When you first begin a business, there is an inevitable stage where you invest some of your personal money into the enterprise.
If you are opening up a large-scale business, you will usually be using some of your personal money as seed capital. You take a share of the ownership in exchange for control on the board of directors, for example. However, the line is usually clear between your personal financial stake and what the business owns and owes. It keeps things nice and simple.
For those running a lifestyle business, the lines are much less stark. There is no board of directors: there’s just you, doing the best you can to make your idea into a business reality. You are everything to the business. You’re the designer, the social media manager, the accountant, the customer service agent. For these lifestyle businesses, the mere concept of a work/life balance seems ridiculous, because the two meld together so seamlessly.
It therefore seems natural that, as a part of that, your personal funds become the business funds as well. Maybe it starts innocuously, such as deciding to forgo a morning cup of coffee at a coffee shop so you can buy some stationery for the business. Then it pushes onward.
Without careful control, before you know it, you are assessing your funds – and you can’t see where the business begins and you as a person end. They are all blended together; the same accounts and money that are used to pay a business supplier are also used for new curtains in your house. It’s a tangled mess.
The most troubling thing about this all-too-familiar state of affairs is that it’s a mess many lifestyle business owners don’t see any problem with. “The clue is in the name!” they insist. They’re a lifestyle businesses; there to provide a lifestyle for the person running it. You’re not looking to take over the world or expand; you’re just looking for something profitable enough to keep you away from working for someone else. So what does it matter if the two sources of income and expenditure are blended together?
It matters quite a lot, actually.
Tax Time Is Going To Be A Nightmare
Is there any phrase more miserable in the English language than “do your taxes”?
If you blend together your business and personal finances, then that phrase is going to take on a whole new meaning of hell. From that knot of financial mess, you have to extract information – and it’s going to take a very, very long time to do it. Too many of us running small businesses are guilty of pushing it into the background, into the territory of “I’ll take care of it when I have to”. But that time will come, and by keeping the two financial histories running alongside one another, it’s going to be even more unpleasant than it has to be.
Financial Peril Gets Even Worse
There are benefits to keeping all of your financial affairs in one pot. Aside from tax time, it’s generally easier as you only have to deal with one set of accounting.
The problems come when you find yourself in the position of debt. There are times in business when you have to take on debt; in fact, it’s almost a necessity if you want your company to thrive. However, if you don’t have proper separation of the two sides of your financial life, than that debt isn’t just threatening your business – it’s threatening you. If it comes due and you can’t pay, then there’s a good chance creditors will expect you to dip into personal funds to clear it.

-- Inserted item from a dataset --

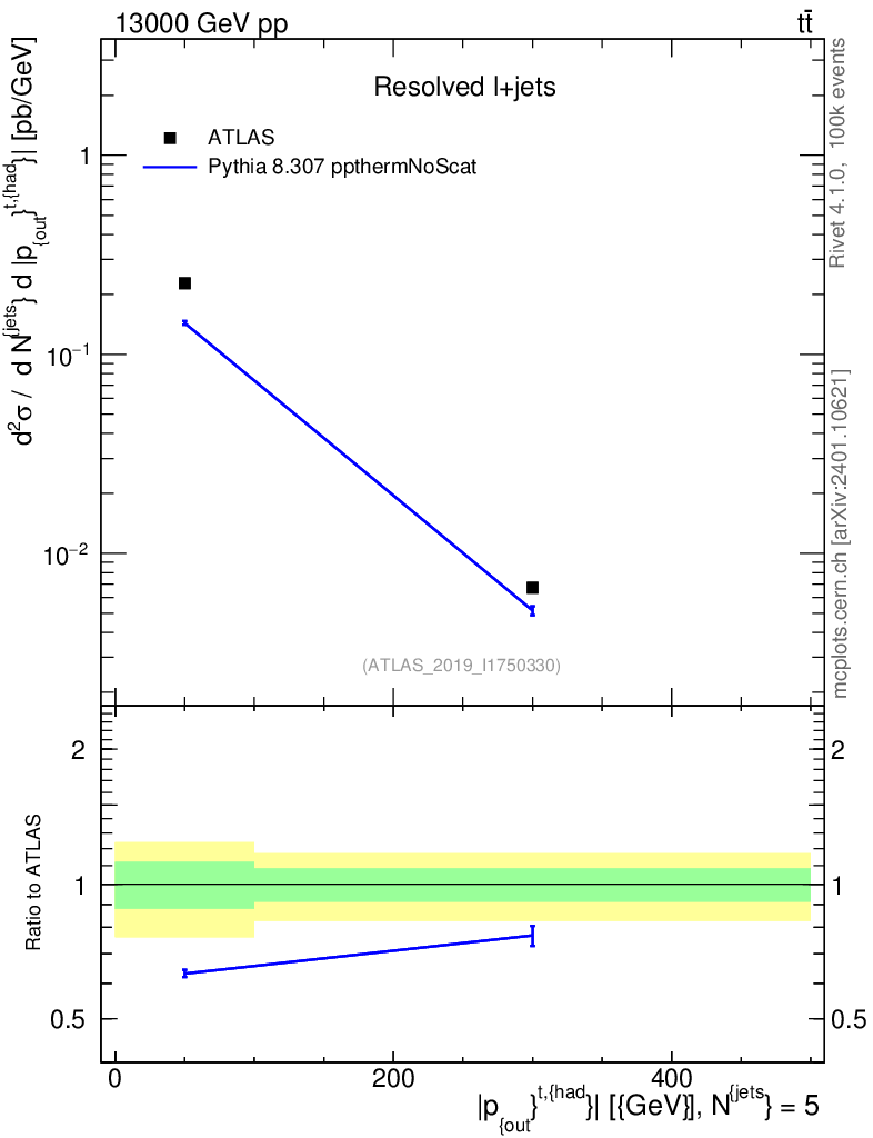Lines: data, pythia8 8.307 ppthermNoScat |

Then there is the impact your personal finances can have on the business side. If you have bad credit, personal debts that force you to get a loan, or – worst of all – default on a payment, then it’s going to show on any financial health report for your business too. It could even be impacted by the person you live with, as finances tend to be tied together by credit reference agencies. Your business might be booming, but it will be tough to tell if your personal status isn’t quite as it should be.
Then there is the fact that you could be the slickest, most on-the-ball business owner that the world has ever seen – but that doesn’t mean that your personal finances are in good shape. The bleed between the two will impact both sides, and it will predominantly happen in a negative way.

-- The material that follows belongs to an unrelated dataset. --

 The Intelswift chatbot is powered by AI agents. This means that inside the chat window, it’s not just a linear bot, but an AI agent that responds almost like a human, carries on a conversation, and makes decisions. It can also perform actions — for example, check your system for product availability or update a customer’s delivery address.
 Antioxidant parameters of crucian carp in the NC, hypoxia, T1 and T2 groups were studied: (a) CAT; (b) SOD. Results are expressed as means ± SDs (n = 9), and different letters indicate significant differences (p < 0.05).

If You Do Want To Expand, Life Gets Tough
While you might not think your business will grow to the point of expansion, it seems a bad idea to rule out the possibility of success booming and a larger future calling. If you do reach that point, then any potential investors or creditors – such as a bank providing a business loan – are going to want to see the company finances.
You might think that being able to point to an overflowing checking account would solve the issue, but they will want to get down into far more detail than that. In fact, some lenders won’t even consider you until you completely separate the two sides of your financial matters. That means not only will you be trying to oversee a business expansion, but you’ll be panicking over the financial process too. Why not save yourself some stress and do it sooner than later?

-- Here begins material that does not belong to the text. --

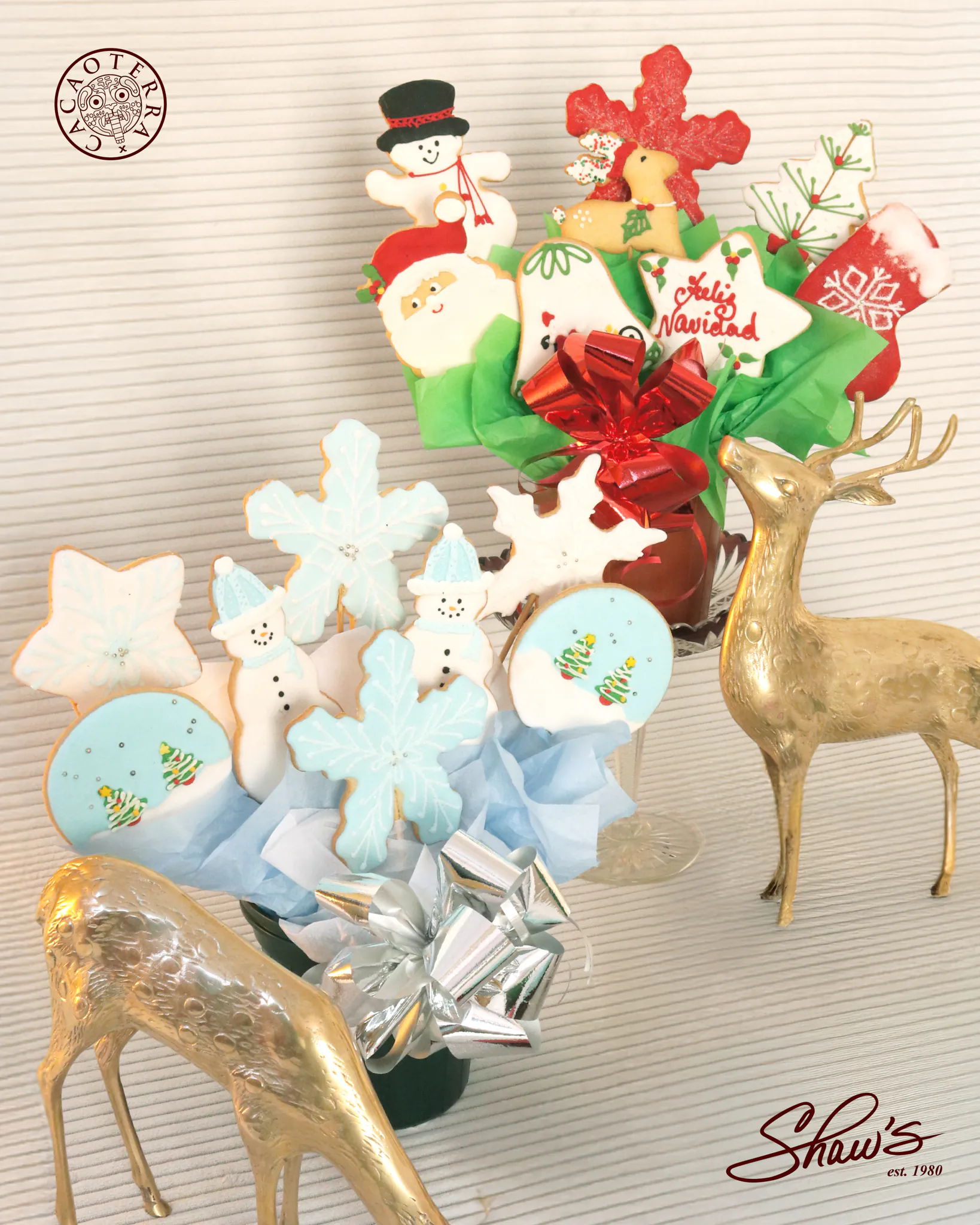 La mesa se viste de Navidad y el detalle llega para sorprender 🎁: galletas navideñas 🍪 y cookie bouquet. En Shaw’s o pedido especial en nuestro website. ¡Lindos pequeños regalos para saborear!

So yes, while there is an ease to keeping your finances all in one place with a lifestyle business, it can be far more trouble than it’s worth. It might seem like a grand gesture to go and open a business account; a little too entrepreneurial for something you still consider a hobby as much as anything. But it’s a step you have to take, sooner rather than later. Even if your business is just starting out – in fact, especially if your business is just starting out – then there is a need to keep the two things on different sides of a chasm.
You can still invest in your business of course – and pocket the profits. It just needs to have a clear line of division, so when money moves between them, you can track it from both sources. It’s the best thing you can do for the health of your business’ financial future – so what have you got to lose?